Several of my Republican friends—who are reasonable types, not Tea Party nuts—tell me that but for one fact, they would not mind seeing President Obama reelected. These Republicans think that President Obama has been an excellent commander-in-chief, who has handled our foreign affairs extremely well. Domestically, they acknowledge that he inherited a terrible economy, but praise him for allowing business and finance to do their thing successfully, and without excessive regulation. In their eyes, moreover, Obama’s spending—notwithstanding the Tea Party’s shouting—is sound, and they find his economic policies to be generally excellent.

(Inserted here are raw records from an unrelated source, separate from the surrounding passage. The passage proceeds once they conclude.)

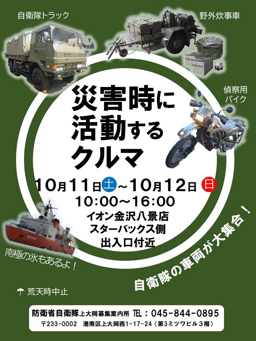 自衛隊神奈川地方協力本部 上大岡募集案内所 により自衛隊車両展示や広報ブースなどが行われます。
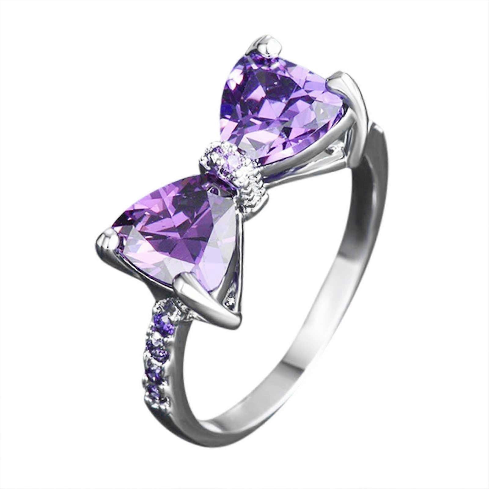 YUEHAO Rings Purple Bow Diamond Ring Elegant Rhinestone Ring For Women Fashion Full Diamond Zircon Rings For Women Size 5 10
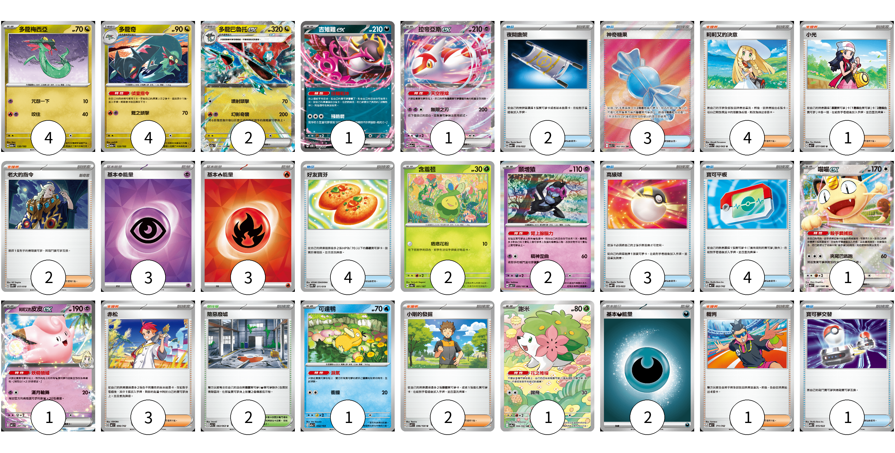 牌組構築方案 以此牌組為基礎新構築牌組 顯示卡面 顯示列表 寶可夢卡(20) 4 4 2 1 1 2 2 1 1 1 1 物品卡(17) 2 3 4 3 4 1 支援者卡(13) 4 1 2 3 2 1 競技場卡(2) 2 能量卡(8) 3 3 2 寶可夢卡(20) 卡牌名稱 張數 卡牌名稱 張數 多龍梅西亞 M2a 132/193 04 多龍奇 M2a 133/193 04 多龍巴魯托ex M2a 134/193 02 吉雉雞ex SVOD 004/020 01 拉帝亞斯ex M2a 075/193 01 含羞苞 SV8a 001/187 02 願增猿 SV6 055/101 02 喵喵ex M3 061/080 01 莉莉艾的皮皮ex MC 287/742 01 可達鴨 M2a 032/193 01 謝米 SV9a 066/063 01 物品卡(17) 卡牌名稱 張數 卡牌名稱 張數 夜間擔架 MBD 016/022 02 神奇糖果 M1S 082/063 03 好友寶芬 SVTG 011/019 04 高級球 SVQP 015/023 03 寶可平板 MC 662/742 04 寶可夢交替 MBG 015/022 01 支援者卡(13) 卡牌名稱 張數 卡牌名稱 張數 莉莉艾的決意 M1L 062/063 04 小光 M2 077/080 01 老大的指令 SVTH 017/018 02 赤松 MC 696/742 03 小剛的發掘 SV9 096/100 02 裁判 MC 711/742 01 競技場卡(2) 卡牌名稱 張數 卡牌名稱 張數 險惡廢墟 M1L 063/063 02 能量卡(8) 卡牌名稱 張數 卡牌名稱 張數 基本【超】能量 SVM PSY 03 基本【火】能量 SVK FIR 03 基本【惡】能量 MC DAR 02 以此牌組為基礎新構築牌組 牌組編碼 XTuuam-UkEFAL-SKJSFx copy 列印牌組單 牌組編碼已複製 分享至SNS
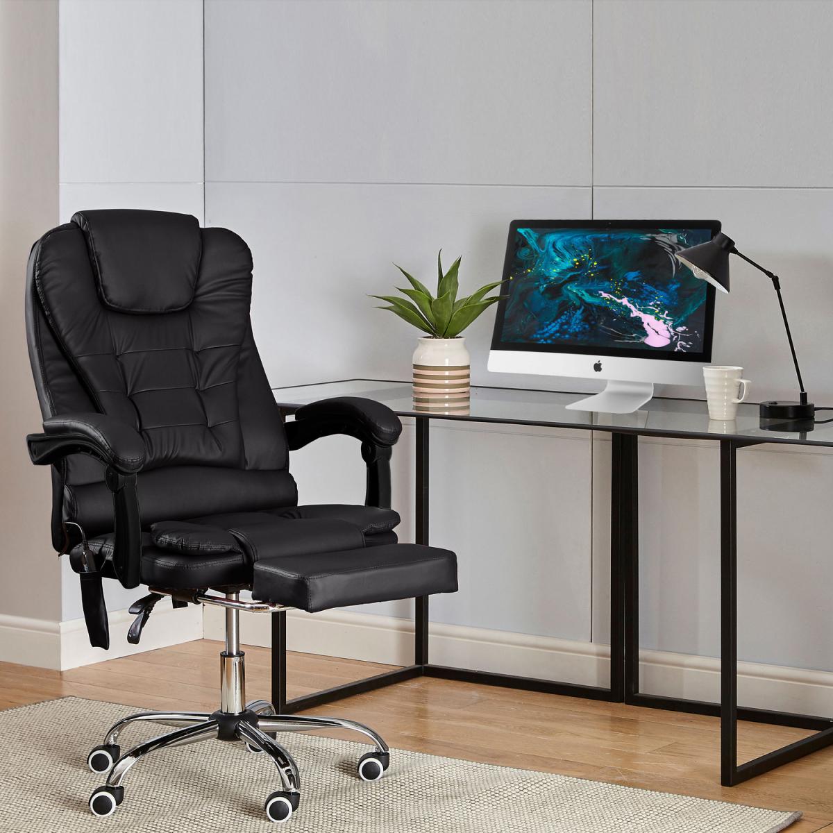 Double padded for extra comfort with heavy duty coating for durability. Comes in leather or fabric options. Pneumatic adjustable height and 360 degree swivel for accessibility. Reclining function with spring tilt control for easy adjustments. Built in comfortable footrest Remote control included for Massage. Matching pouch for storage of remote.5 Massage modes to chose from. Massages Back, Lumbar and Thighs. Flame Resistant Leather Chair. One year manufacturer warranty.
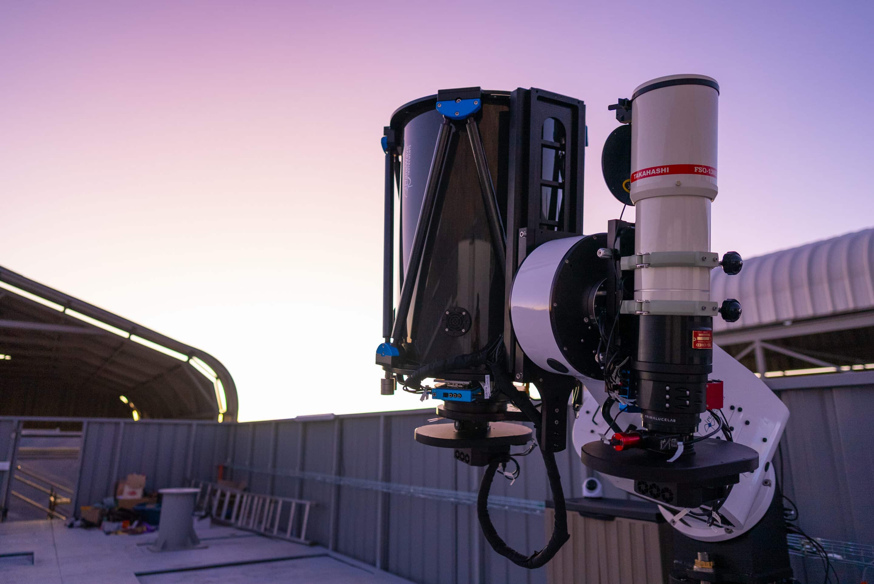 The primary telescope being a PlaneWave DR500 F/3 telescope with a large Moravian C5-150 camera. The secondary telescope to be installed was a client provided rare Takahashi FSQ-130ED that we installed a near identical image train to. Together these two systems have been providing the client with an excellent range of high resolution, wide field, and fast optics.
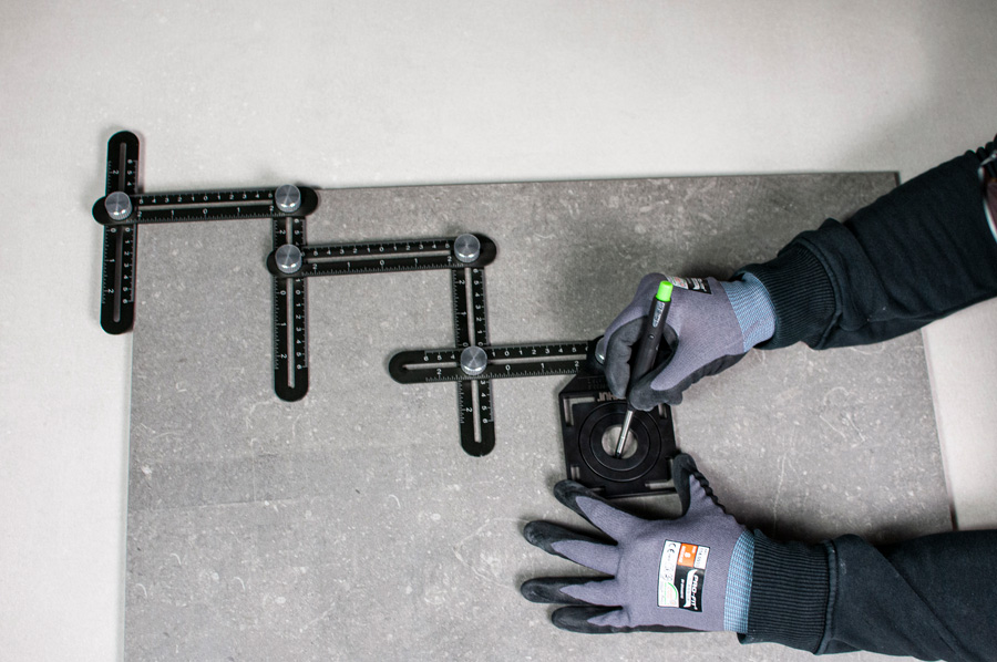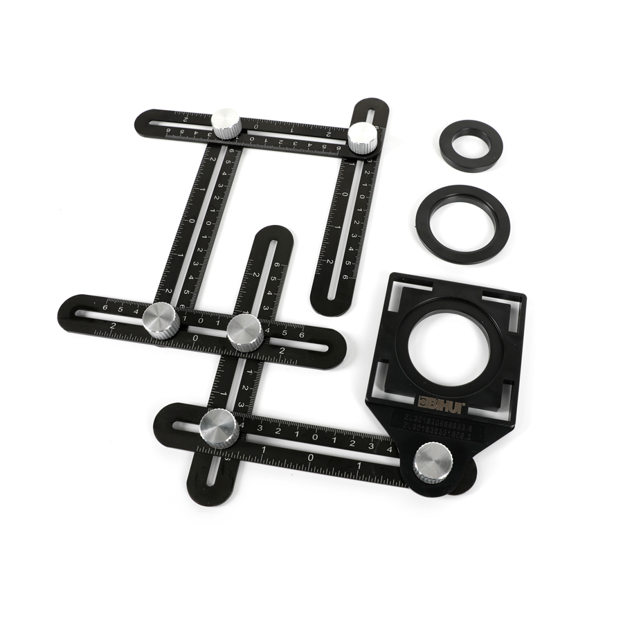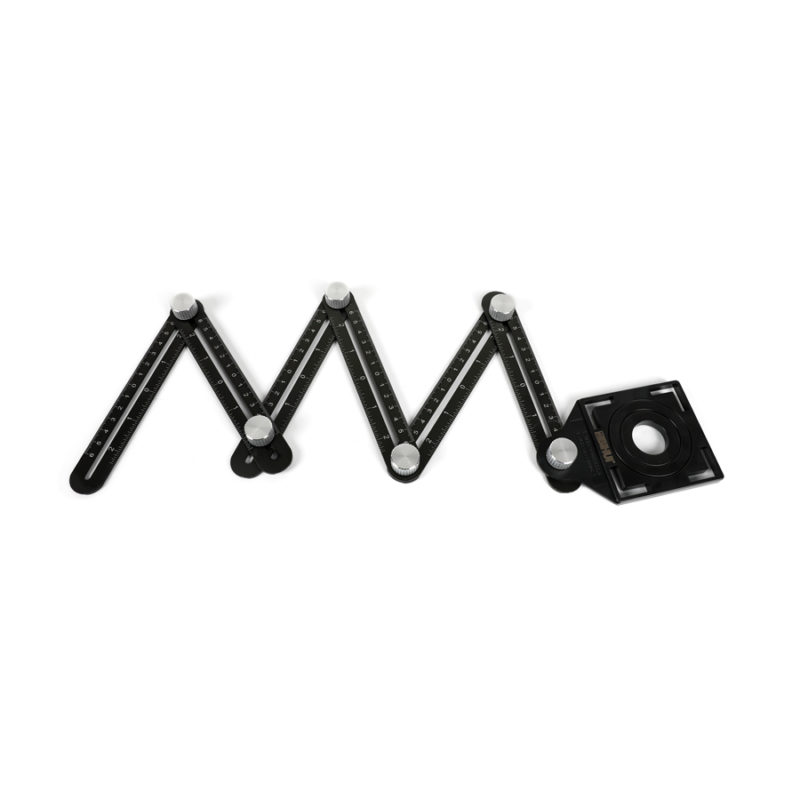 Flexibel och ledbar hålmall. Tillverkad av aluminium. Sex ledbara armar som enkelt justeras och fixeras. För uppmätning och håltagning på kakel, klinker, granitkeramik, glas, marmor etc. Justerbart hål med diameter 25, 40 och 45 mm. Laseretsad gradering för god läsbarhet. Både centimeter- och tumgradering. Kan enkelt monteras ihop med ytterligare hålmall.

Privately, and off-the-record, they will concede that he is a very able president.
Their only real problem with Obama’s re-election is that if there were to be an opening on the U.S. Supreme Court during a second Obama term, which they now believe is highly possible, they know that President Obama would deny conservatives a chance to take solid control of the top of the Judicial Branch—which is their fondest dream.
For them, this prospect makes the risk of having any Democrat in the White House far too great. Now, when Republicans are so close to fully controlling the Supreme Court, they feel that they simply cannot afford a second Obama term.
The GOP High Court Dream
This High Court dream is largely fostered by the advanced age, and somewhat tenuous health, of Associate Justice Ruth Bader Ginsburg, who was born on March 15, 1933. She is the oldest member of the Supreme Court. She is also one of its most consistently progressive members.
It has not been lost on Republicans that Justice Ginsburg is approaching her eighties. That is not particularly old for High Court justices, but given the additional fact that she has had some health issues, her advancing age has caused many (if not most) Republicans to believe that they must have a GOP president residing at 1600 Pennsylvania Avenue if, and when, she leaves the Court. Replacing Justice Ginsburg with a conservative would give conservatives the one vote they need to capture a solid majority of the Court.
Notwithstanding the morbid, if not unrealistic, nature of this speculation, I can assure you that this GOP dream of controlling the Court is real. In fact, many of my Republican friends who are unhappy with ALL the likely presidential nominees will vote against President Obama for this reason alone, not because of Republican loyalty. To my amazement, the prospect of capturing the Court would, for them, even trump the high cost of having a numbskull in the Oval Office. (In any event, they believe, perhaps too optimistically, that the numbskulls will be removed during the primaries.)